◆ TO DO
Set out exactly, and only, the lines running from the one containing "⑤지도에서 벚꽃장소 클릭시 개화 전, 개화 시, 만발 시 일자별 사진 확인가능" to the bottom of the listing below; pictures stay out.

◆ DATASET SECTION
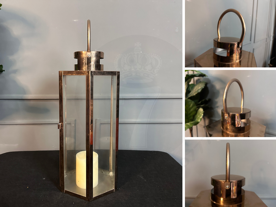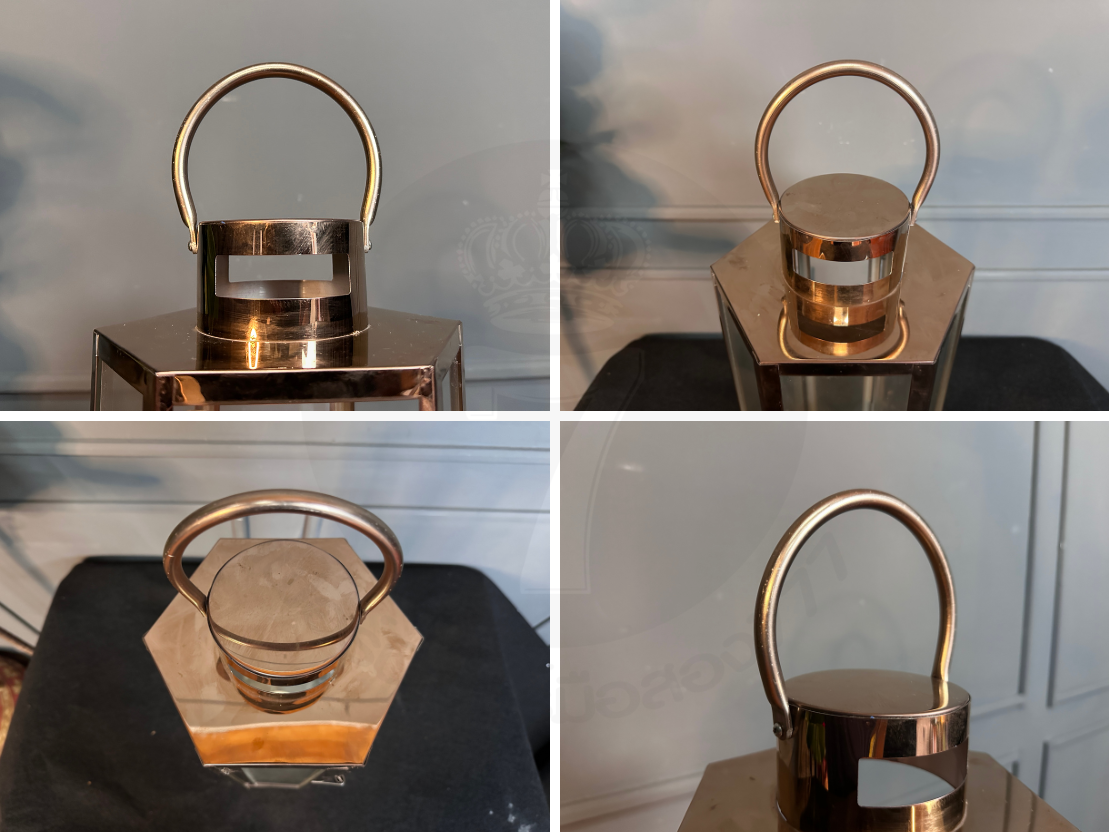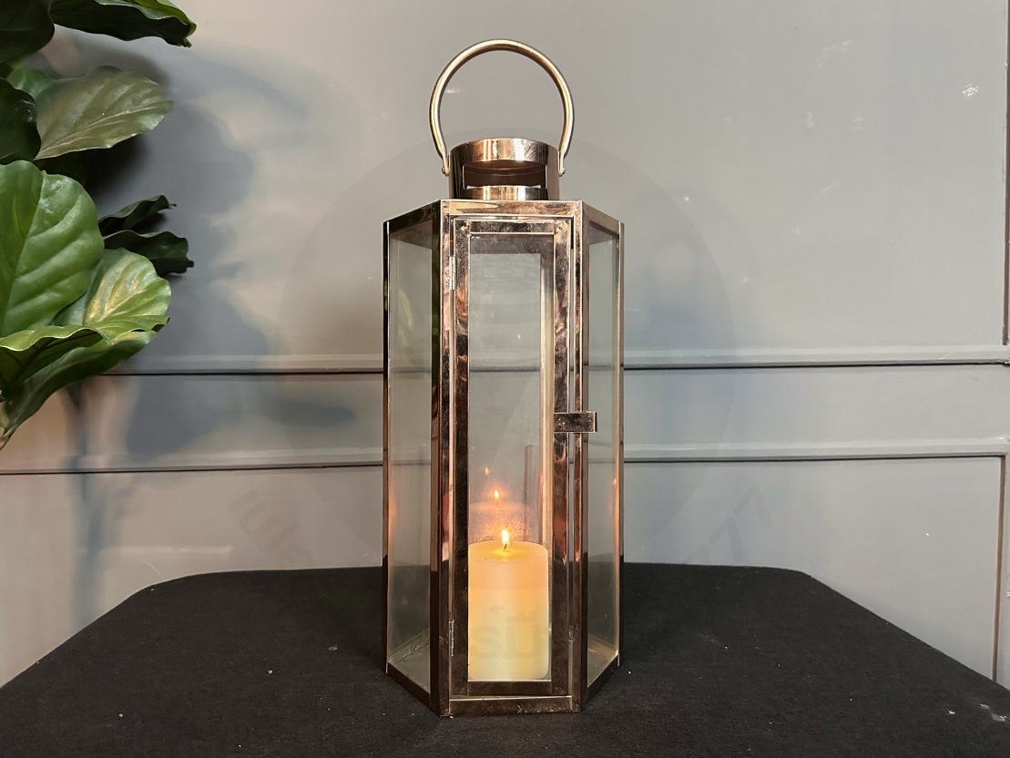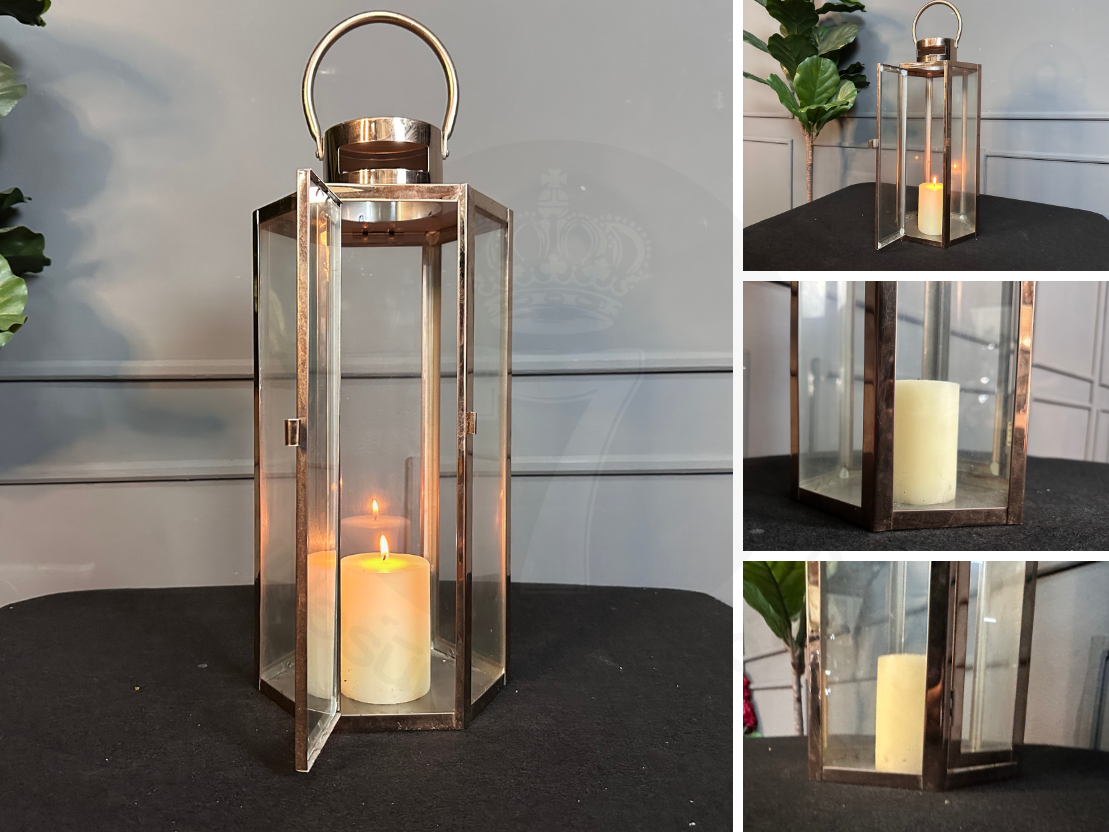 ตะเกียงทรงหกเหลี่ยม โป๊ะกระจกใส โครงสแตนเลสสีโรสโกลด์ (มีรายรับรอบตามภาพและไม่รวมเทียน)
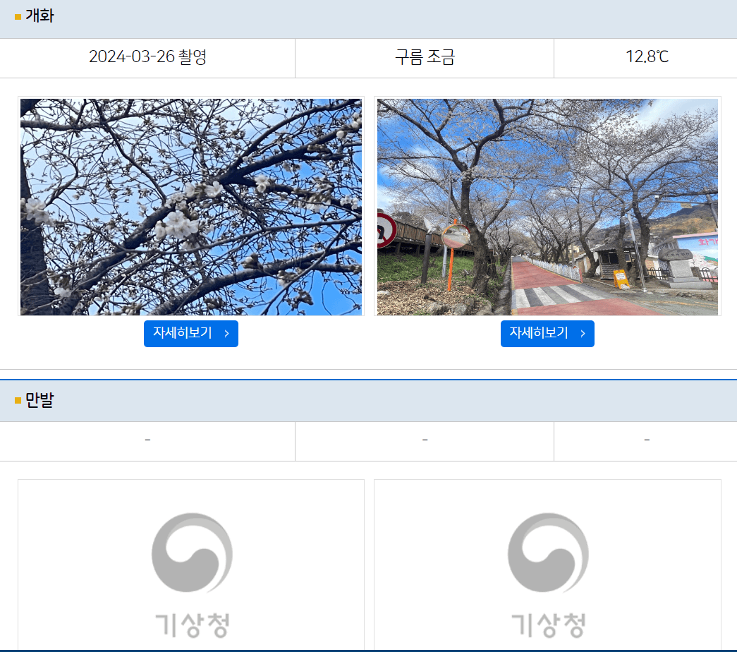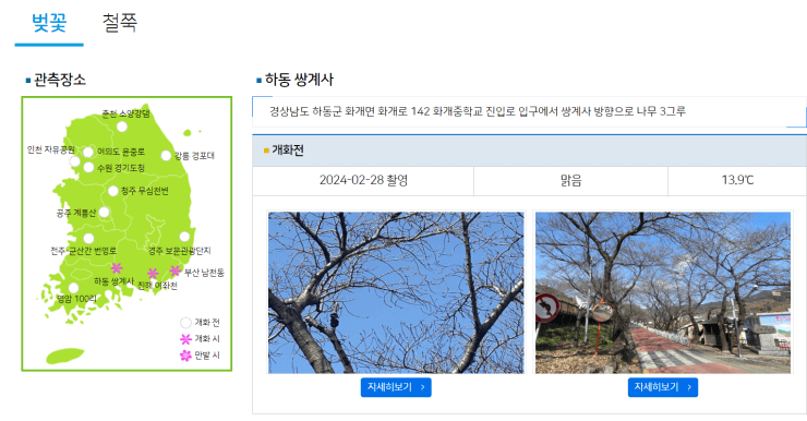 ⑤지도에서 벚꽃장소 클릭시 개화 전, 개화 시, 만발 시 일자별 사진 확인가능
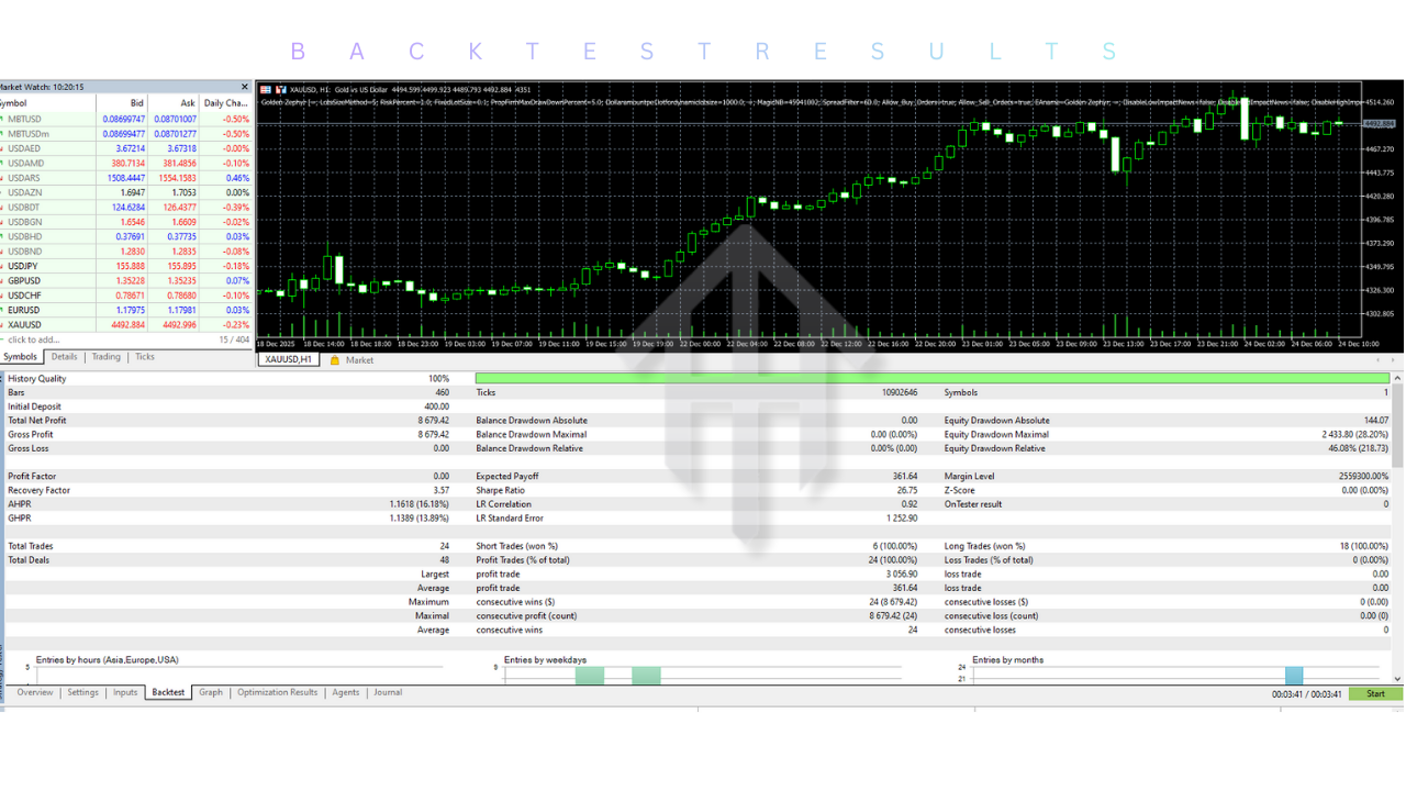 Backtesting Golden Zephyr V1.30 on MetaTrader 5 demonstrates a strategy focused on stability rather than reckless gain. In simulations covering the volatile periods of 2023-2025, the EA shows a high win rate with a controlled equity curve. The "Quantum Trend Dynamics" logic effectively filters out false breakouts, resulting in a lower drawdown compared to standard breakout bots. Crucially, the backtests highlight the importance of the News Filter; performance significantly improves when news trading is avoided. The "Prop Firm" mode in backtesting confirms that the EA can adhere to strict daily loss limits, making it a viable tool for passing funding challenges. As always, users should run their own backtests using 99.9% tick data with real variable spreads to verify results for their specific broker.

◆ TASK RESULT
 ⑤지도에서 벚꽃장소 클릭시 개화 전, 개화 시, 만발 시 일자별 사진 확인가능
 Backtesting Golden Zephyr V1.30 on MetaTrader 5 demonstrates a strategy focused on stability rather than reckless gain. In simulations covering the volatile periods of 2023-2025, the EA shows a high win rate with a controlled equity curve. The "Quantum Trend Dynamics" logic effectively filters out false breakouts, resulting in a lower drawdown compared to standard breakout bots. Crucially, the backtests highlight the importance of the News Filter; performance significantly improves when news trading is avoided. The "Prop Firm" mode in backtesting confirms that the EA can adhere to strict daily loss limits, making it a viable tool for passing funding challenges. As always, users should run their own backtests using 99.9% tick data with real variable spreads to verify results for their specific broker.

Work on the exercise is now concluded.